Oil prices dip on US rate hike expectations, weak China PMI
TOKYO: Oil prices fell on Monday as jitters over the prospect of the US Federal Reserve raising interest rates, which could slow growth and hit fuel demand, and worries about weaker Chinese manufacturing data combined to erase earlier gains.
Brent futures for July delivery were down 61 cents, or 0.8%, at $79.72 a barrel at 0313 GMT, while U.S. West Texas Intermediate (WTI) crude lost 63 cents, also a 0.8% drop, to trade at $76.15.
US consumer spending was flat in March as an increase in outlays on services was offset by a decline in goods, but persistent strength in underlying inflation pressures could see the Federal Reserve raising interest rates again.

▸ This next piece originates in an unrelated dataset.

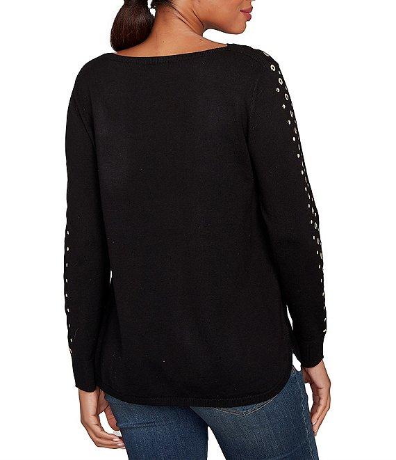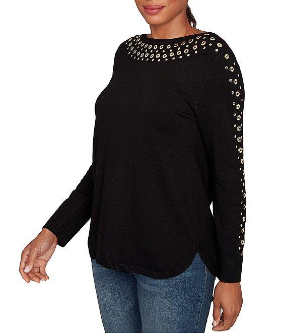Ruby Rd. Gleaming Grommet Embellished Fine-Gauge Boat Neck Sweater

“A hawkish tone from the Fed could put pressure on energy and metals,” ANZ Research said in a client note.
The Fed is expected to increase interest rates by another 25 basis points this week. The US central bank has raised its policy rate by 475 basis points since March of last year from the near-zero level to the current 4.75%-5.00% range.

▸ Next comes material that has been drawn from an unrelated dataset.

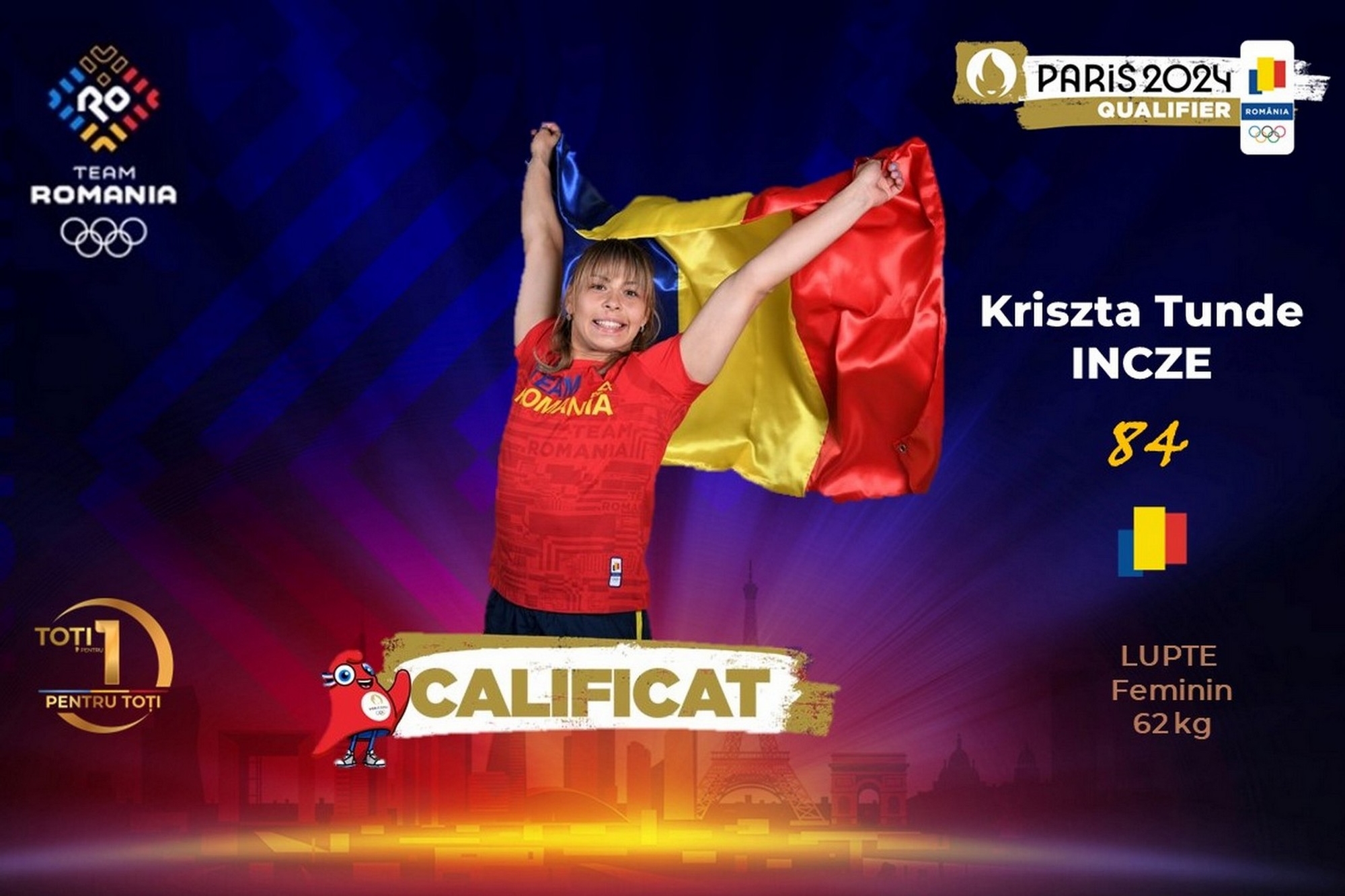 La Turneul Preolimpic Mondial de lupte din Turcia, de la Istanbul, ultima competiție de calificare la Paris 2024, Kriszta Incze a devenit cea de-a 84-a componentă a TEAM ROMANIA pentru Jocurile Olimpice de la Paris.

US economic growth slowed more than expected in the first quarter. An acceleration in consumer spending was offset by businesses liquidating inventories in anticipation of weaker demand later this year amid higher borrowing costs.
Meanwhile China’s manufacturing purchasing managers’ index (PMI) declined to 49.2 from 51.9 in March, official data showed on Sunday, slipping below the 50-point mark that separates expansion and contraction in activity on a monthly basis.

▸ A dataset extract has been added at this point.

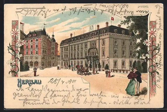 Lithographie Herisau, Partie am Markt mit Geschäften

Factory activity in Japan, the world’s third biggest economy, contracted for the sixth straight month in April, but the manufacturing sector was edging towards stabilisation amid a slower decline in new orders.
Read more: Petrol price to remain unchanged; diesel cut by Rs5
“Investors remain cautious amid mixed economic signals. Brent crude has been tracking broader markets in recent sessions, with a slew of economic data creating more uncertainty about the outlook,” ANZ’s note said.
On Friday, oil prices mostly rose over 2% after energy firms posted positive earnings, and US data showed crude output was declining while fuel demand was growing.
US crude production fell in February to 12.5 million barrels per day (bpd), its lowest since December. Fuel demand rose to nearly 20 million bpd, its highest since November, according to the Energy Information Administration (EIA).
EIA data last week showed U.S. crude oil and gasoline inventories fell more than expected as demand for the motor fuel picked up ahead of the peak summer driving season.